ONLINE_MODE="no": time=2016-06-02 04:28:26|action=accept|orig=192.168.100.66|i/f_dir=inbound|i/f_name=eth3|has_accounting=1|uuid=<574fe01a,00000016,4264a8c0,c0000000>|product=VPN-1 & FireWall-1|rule=44|rule_uid={E9C085F7-9DE8-4893-B1AF-86D9D255537F}|rule_name=Salida Google Apps, Youtube|service_id=UDP-443|src=192.168.240.75|s_port=63368|dst=209.85.239.142|service=443|proto=udp|xlatesrc=131.0.54.4|xlatesport=31249|xlatedport=0|NAT_rulenum=internal|NAT_addtnl_rulenum=internal|__policy_id_tag=product=VPN-1 & FireWall-1[db_tag={6D5AC528-0F96-9540-86C2-C3AE325686BA};mgmt=salvatore1;date=1464787912;policy_name=Conf2014]|origin_sic_name=CN=Firewall2000,O=salvatore.domain.com.q4a2j9|start_time= 2Jun2016 4:28:26|segment_time= 2Jun2016 4:28:26|elapsed=0:00:01|packets=4125|bytes=3803464|client_inbound_packets=1370|client_outbound_packets=2753|server_inbound_packets=2757|server_outbound_packets=1374|client_inbound_bytes=109950|client_outbound_bytes=3693428|server_inbound_bytes=3693548|server_outbound_bytes=110182|__pos=7|__nsons=0|__p_dport=0

Any clues on this?

syunusic commented 8 years ago

I did more research and I'm possitive the problem is with the ONLINE_MODE="yes" flag.
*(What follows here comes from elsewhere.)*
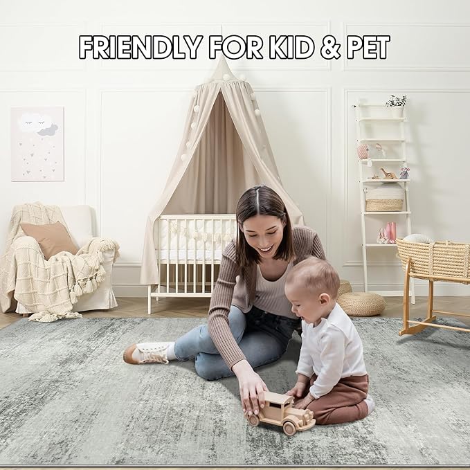 Area Rug 9x12 Washable Rugs: Abstract Large Living Room Rugs with Non-Slip Backing, Thin Carpet for Dining Room Table Bedroom Nursery Indoor Home Office-Gray

When the log has has_accounting=1, only has the fileds related to bytes and amount of packets if ONLINE_MODE is set to "no". The problem is I need to process logs in realtime. Please help!

adepasquale commented 8 years ago

FW1-LogGrabber retrieves all available fields by default.

My guess is that fields like the number of bytes/packets sent/received are not known immediately, but only when the connection is terminated. This might be the reason why some fields are not present when using ONLINE_MODE="yes", or have a smaller value.

syunusic commented 8 years ago

I thought the same, but If I take the SAME log line, first as online and then as not online, the second one has the account ones. It's weird, but is very consistent. Almost 99,9% of the time happens this way. This leads me to a question: nobody has online reporting with # of bytes or # of packets? I think that's the most important part of having firewall log s processed.

adepasquale commented 8 years ago

I have only used online mode without considering the accounting part, so I'm sorry but I can't be of any help. Have you considered asking Checkpoint directly?